Le torchon brûle au Conseil de la Ville de Rabat, et le PAM s’en retire

Le torchon brûle au Conseil de la Ville de Rabat, et le PAM s’en retire

Aujourd’hui 29 février se tenait une réunion du Conseil de la Ville de Rabat, lors de laquelle le PAM a adopté une position politique forte. Il a demandé une enquête officielle sur l’état de santé du maire, demande fondée sur des informations précises à ce sujet.

Pour commencer, les élus du PAM ont présenté leurs excuses officielles pour l’incident qui s’est produit le 19 février, quand un élu du PAM avait empêché le secrétaire de la séance de procéder au décompte des voix sur les budgets d’arrondissement. Les excuses du PAM sont d’autant plus importantes, moralement, que ledit secrétaire s’était laissé tomber alors que le conseiller PAM l’empêchait de compter, sans violence.
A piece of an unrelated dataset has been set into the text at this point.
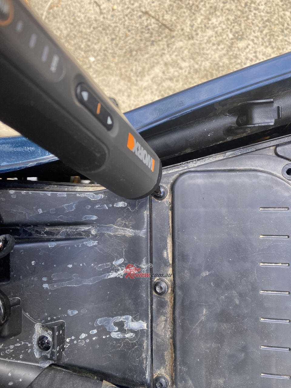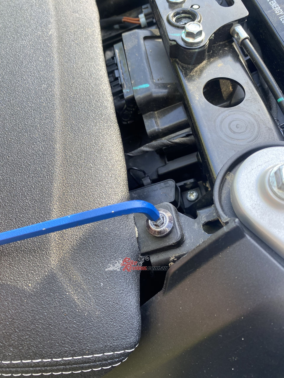 After removing the rear seat using the key (the barrel is hidden up by the pillion grab rail) you’ll need to remove the two 5mm Allen key bolts that hold the main seat in place. Be careful, as the heated seat cables stop the seat from coming off completely, and you don’t want to let it hang down and damage the connections. There is just enough slack in it to fold it back up and over the battery compartment.
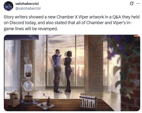 外网博主爆料:“故事作者们在今天举行的Discord问答(Q&A)环节中展示了一张全新的尚勃勒(Chamber)与蝰蛇(Viper)的艺术画作,并表示将对尚勃勒和蝰蛇的所有游戏内语音进行重制。”

Mais plus important encore est cette décision du parti d’el Omari de demander une enquête officielle au département de tutelle du Conseil, à savoir l’Intérieur, sur les informations faisant état d’invalidité de Mohamed Sadiki, le maire.
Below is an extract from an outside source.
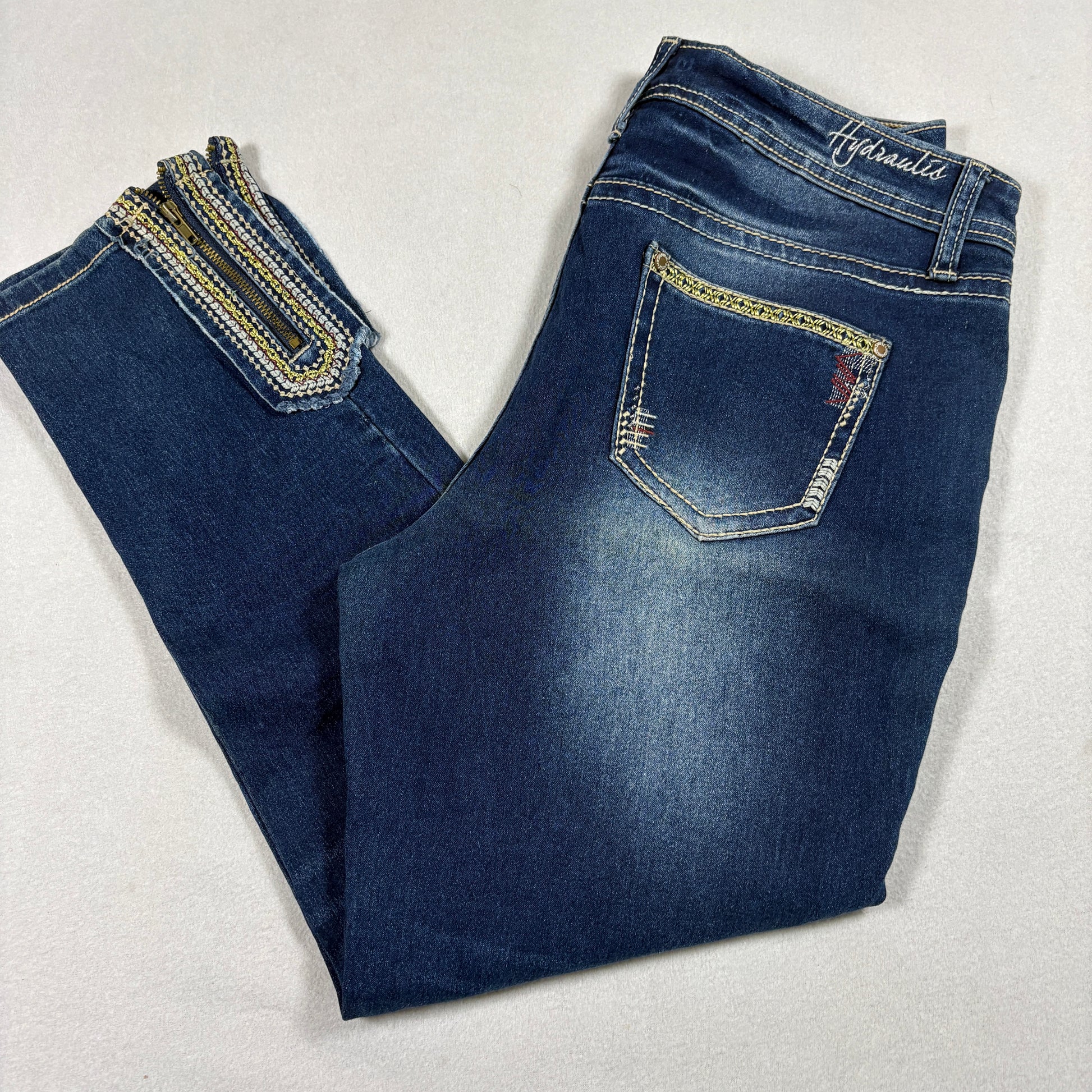 Hydraulic, Womens Jeans, Blue, Skinny, Zip Hem, Embellished, Stretch, Denim, Size 8, Y2K, Grunge
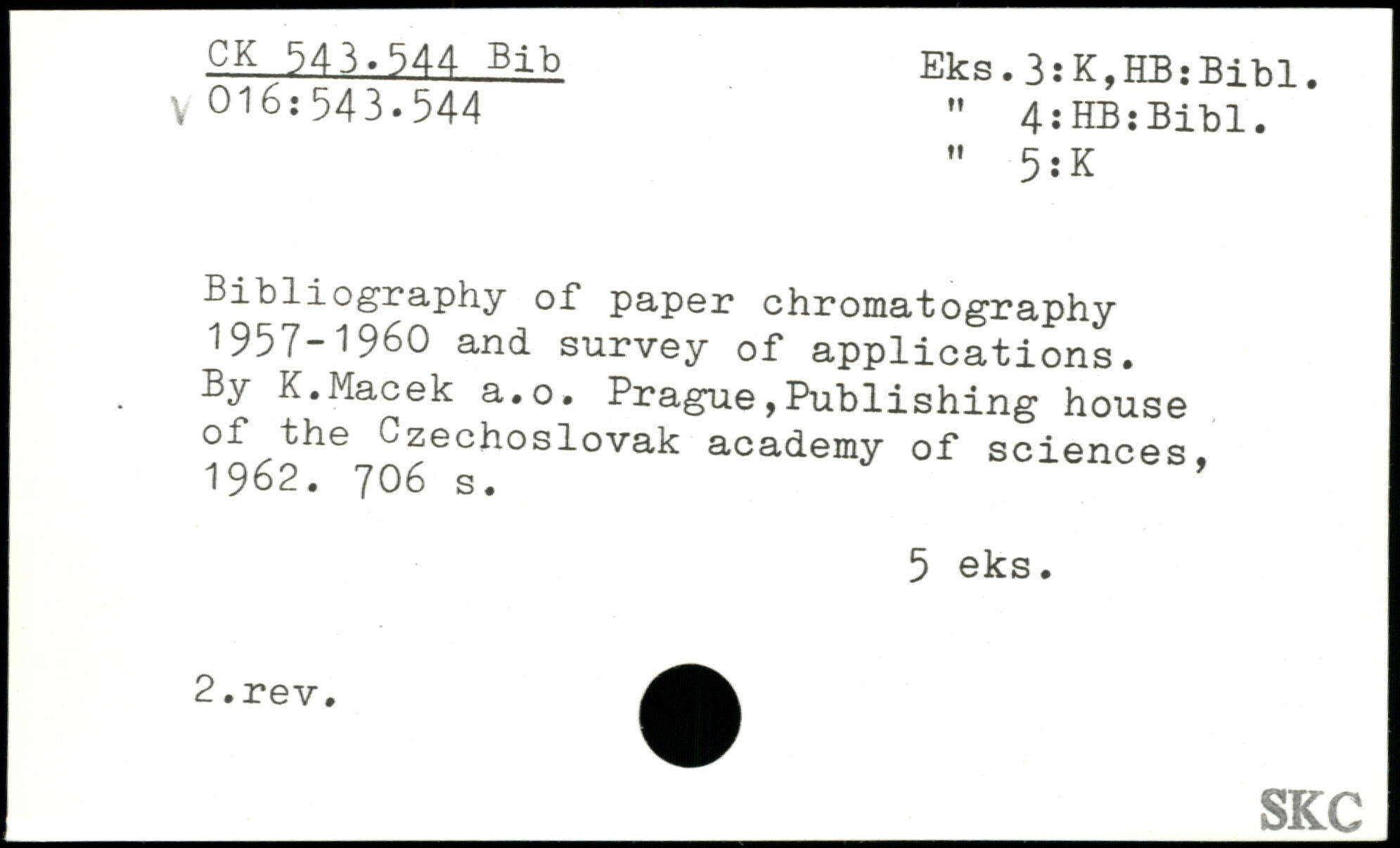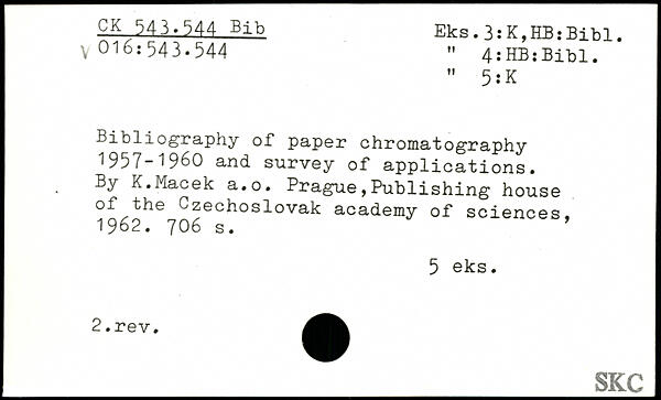 of paper chromatography 1957-1960 and survey of applications. By K.Macek a.o. Prague,Publishing house of the Czechoslovak academy of sciences, 1962.

Selon un responsable du PAM, « 92 personnes avaient quitté la Redal en 2012 en produisant des certificats de déficiences diverses. Les directeurs perçoivent aujourd’hui un peu plus de 38.000 DH. Demander une enquête est une action entreprise dans l’intérêt, la sauvegarde et la protection de l’argent public ». Et Mohamed Sadiki fait partie du lot des 92 personnes ayant quitté la Redal cette même année 2012. Le même responsable ajoute que sur l’ordre de virement de la pension du maire vers son compte, le libellé indique la raison, qui est une pathologie mentale.
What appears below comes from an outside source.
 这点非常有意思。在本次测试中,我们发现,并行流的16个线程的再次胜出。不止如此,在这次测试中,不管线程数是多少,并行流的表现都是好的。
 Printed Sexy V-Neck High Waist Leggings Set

Pour être plus précis, les informations qui circulent autour de cette pension sont comme suit, selon ce même responsable du PAM : une pension de retraite relative de 38.788,13 DH, dont 9.000 DH pour "incapacité physique" de 60%. Comment le maire réussit-il à diriger une ville comme Rabat avec une telle incapacité, si les documents s'avèrent exacts ? Le ministère de l'Intérieur et Redal devraient publier le dossier de Mohamed Sadiki au plus vite.

Dans l’intervalle, les élus PAM ont décidé de ne plus siéger au Conseil de la Ville, pour mettre la pression sur l’Intérieur afin qu’il diligente l’enquête demandée et qu’il en publie les résultats. On observera pour cette question le mutisme du chef du gouvernement et du PJD Abdelilah Benkirane, en général prompt à monter au créneau pour défendre ses pairs au sein du parti, surtout les responsables ou ceux qui sont en responsabilité.

L’affaire est sérieuse car nous sommes en présence de deux partis, chacun d’eux ayant une responsabilité dans ce qui se passe au Conseil de Rabat : le PAM qui porte des accusations qui, si elles ne sont pas étayées par des preuves, remettraient gravement en question sa crédibilité et son sérieux et le placeraient en position de diffamation, et le PJD qui, sans preuve du contraire, aura présenté à la mairie de la capitale un « déficient mental » ou un escroc qui a avancé l’argument de sa « déficience mentale » pour obtenir une confortable pension de retraite.